→ **Data supplied**:
%%

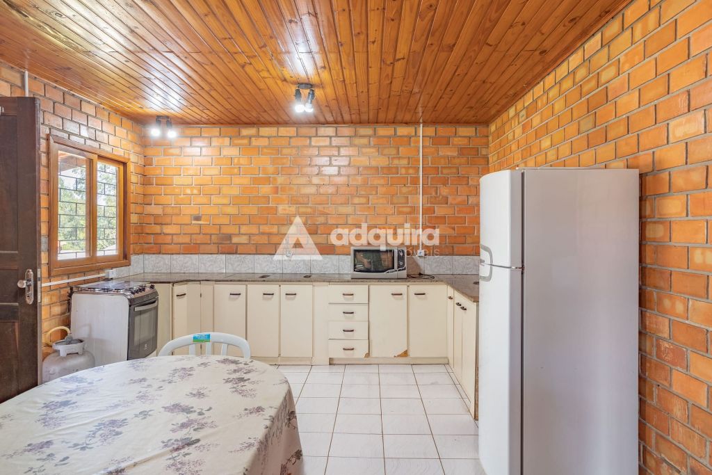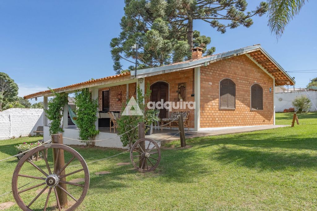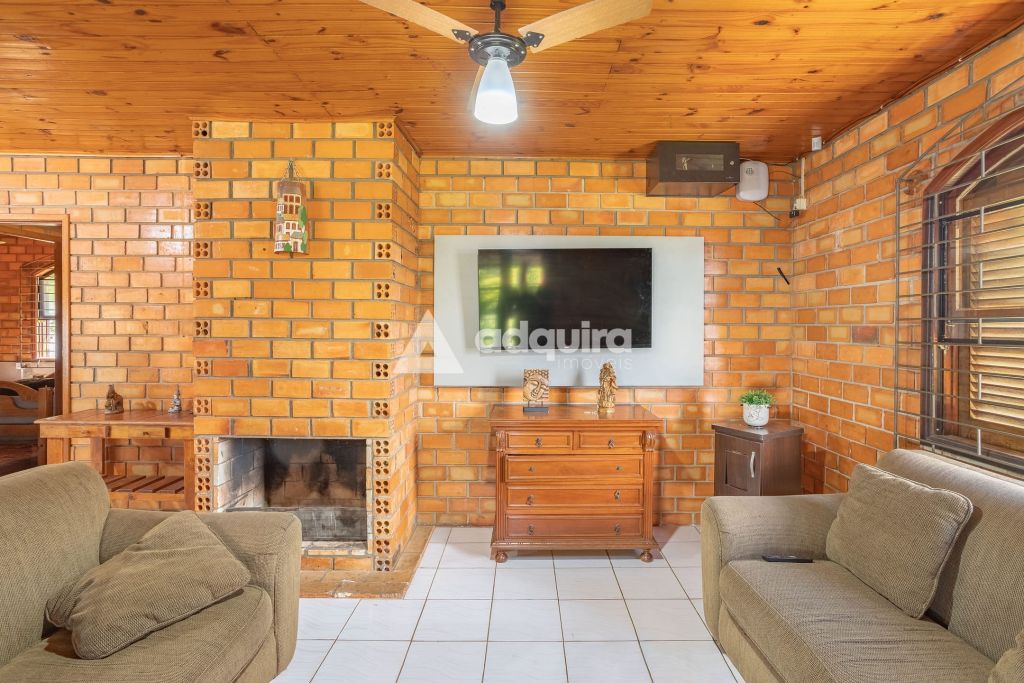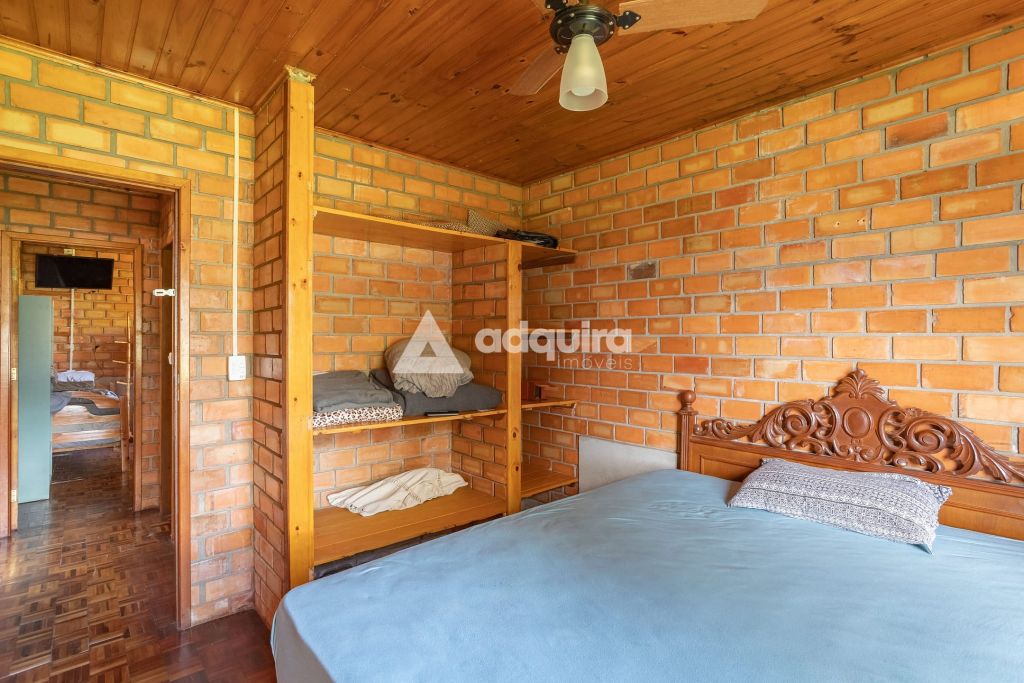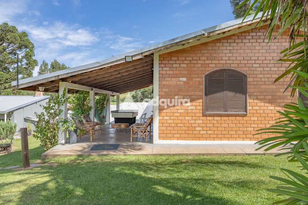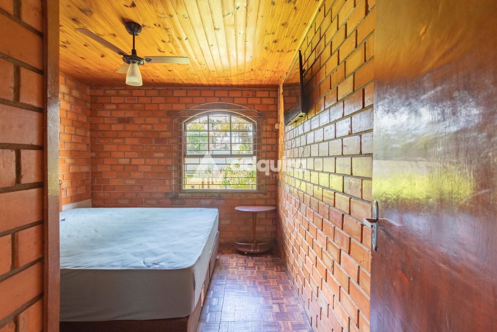 A casa principal, com 12o m² de área construída possui uma arquitetura charmosa em tijolinhos aparentes, contornada por uma varanda espaçosa que já abriga uma mesa de sinuca. O interior foi projetado para ser funcional e aconchegante, apresentando uma sala de estar com lareira integrada de forma natural à sala de jantar e à cozinha. A área íntima dispõe de um banheiro amplo e dois quartos, sendo um de casal e outro configurado com beliches.
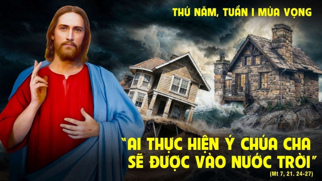 ….chỉ ai thi hành ý muốn của Cha Thầy là Đấng ngự trên trời, mới được vào mà thôi. Vậy ai nghe những lời Thầy nói đây mà đem ra thực hành, thì ví được như người khôn xây nhà trên đá….
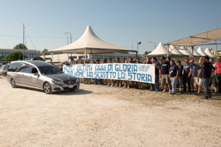 Aneddoti sportivi e personali, che poi nella vita di Fabbri erano una cosa sola, si intrecciano fuori e dentro la parrocchia. Parole commosse e sorrisi smorzati per ricordare il suo operato in campo, il suo spirito fuori dal campo, la sua tranquillità che faceva gol nel cuore di tutti quelli che ha incontrato durante la sua corsa. Parte poi il corteo per il cimitero di Poggetto di San Pietro in Casale, dove si trova la tomba di famiglia. Partono anche i cori da stadio. Gli ultimi. Per una partita che non si gioca più a Ferrara ma molto, molto, più in alto.
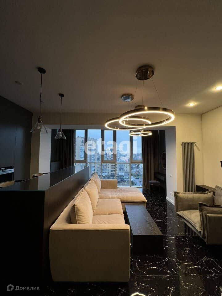 Открытая планировка, которая объединяет гостиную, кухню и спальную зону. Современно оборудованная кухня с современным кухонным гарнитуром. Просторная гостиная с большими окнами, которые обеспечивают естественное освещение. Имеется открытая парковка, грузовой и пассажирский лифт.
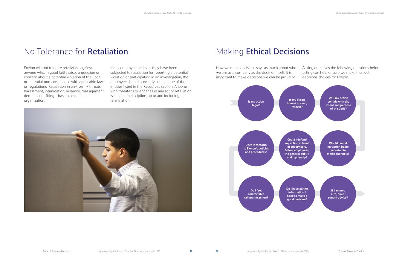 How we make decisions says as much about who we are as a company as the decision itself. It is important to make decisions we can be proud of. Making Ethical Decisions Could I defend my action in front of supervisors, fellow employees, the general public, and my family? Does it conform to Exelon’s policies and procedures? Would I mind my action being reported in media channels? Is my action legal? Is my action honest in every respect? Will my action comply with the intent and purpose of the Code? Do I feel comfortable taking the action? Do I have all the information I need to make a good decision? If I am not sure, have I sought advice? Exelon will not tolerate retaliation against anyone who, in good faith, raises a question or concern about a potential violation of the Code or potential non-compliance with applicable laws or regulations. Retaliation in any form – threats, harassment, intimidation, violence, reassignment, demotion, or firing – has no place in our organization. No Tolerance for Retaliation If any employee believes they have been subjected to retaliation for reporting a potential violation or participating in an investigation, the employee should promptly contact one of the entities listed in the Resources section. Anyone who threatens or engages in any act of retaliation is subject to discipline, up to and including termination. Asking ourselves the following questions before acting can help ensure we make the best decisions choices for Exelon. 11 12Code of Business Conduct Code of Business ConductApproved by the Exelon Board of Directors; January 6, 2025. Approved by the Exelon Board of Directors; January 6, 2025. ©Exelon Corporation. 2025. All rights reserved. ©Exelon Corporation. 2025. All rights reserved.

%%

→ **What to produce**: Set down the records above exactly as written, beginning with the first line and ending with the line that contains "Открытая планировка, которая", and do not include pictures.

→ **Written answer**:
 A casa principal, com 12o m² de área construída possui uma arquitetura charmosa em tijolinhos aparentes, contornada por uma varanda espaçosa que já abriga uma mesa de sinuca. O interior foi projetado para ser funcional e aconchegante, apresentando uma sala de estar com lareira integrada de forma natural à sala de jantar e à cozinha. A área íntima dispõe de um banheiro amplo e dois quartos, sendo um de casal e outro configurado com beliches.
 ….chỉ ai thi hành ý muốn của Cha Thầy là Đấng ngự trên trời, mới được vào mà thôi. Vậy ai nghe những lời Thầy nói đây mà đem ra thực hành, thì ví được như người khôn xây nhà trên đá….
 Aneddoti sportivi e personali, che poi nella vita di Fabbri erano una cosa sola, si intrecciano fuori e dentro la parrocchia. Parole commosse e sorrisi smorzati per ricordare il suo operato in campo, il suo spirito fuori dal campo, la sua tranquillità che faceva gol nel cuore di tutti quelli che ha incontrato durante la sua corsa. Parte poi il corteo per il cimitero di Poggetto di San Pietro in Casale, dove si trova la tomba di famiglia. Partono anche i cori da stadio. Gli ultimi. Per una partita che non si gioca più a Ferrara ma molto, molto, più in alto.
 Открытая планировка, которая объединяет гостиную, кухню и спальную зону. Современно оборудованная кухня с современным кухонным гарнитуром. Просторная гостиная с большими окнами, которые обеспечивают естественное освещение. Имеется открытая парковка, грузовой и пассажирский лифт.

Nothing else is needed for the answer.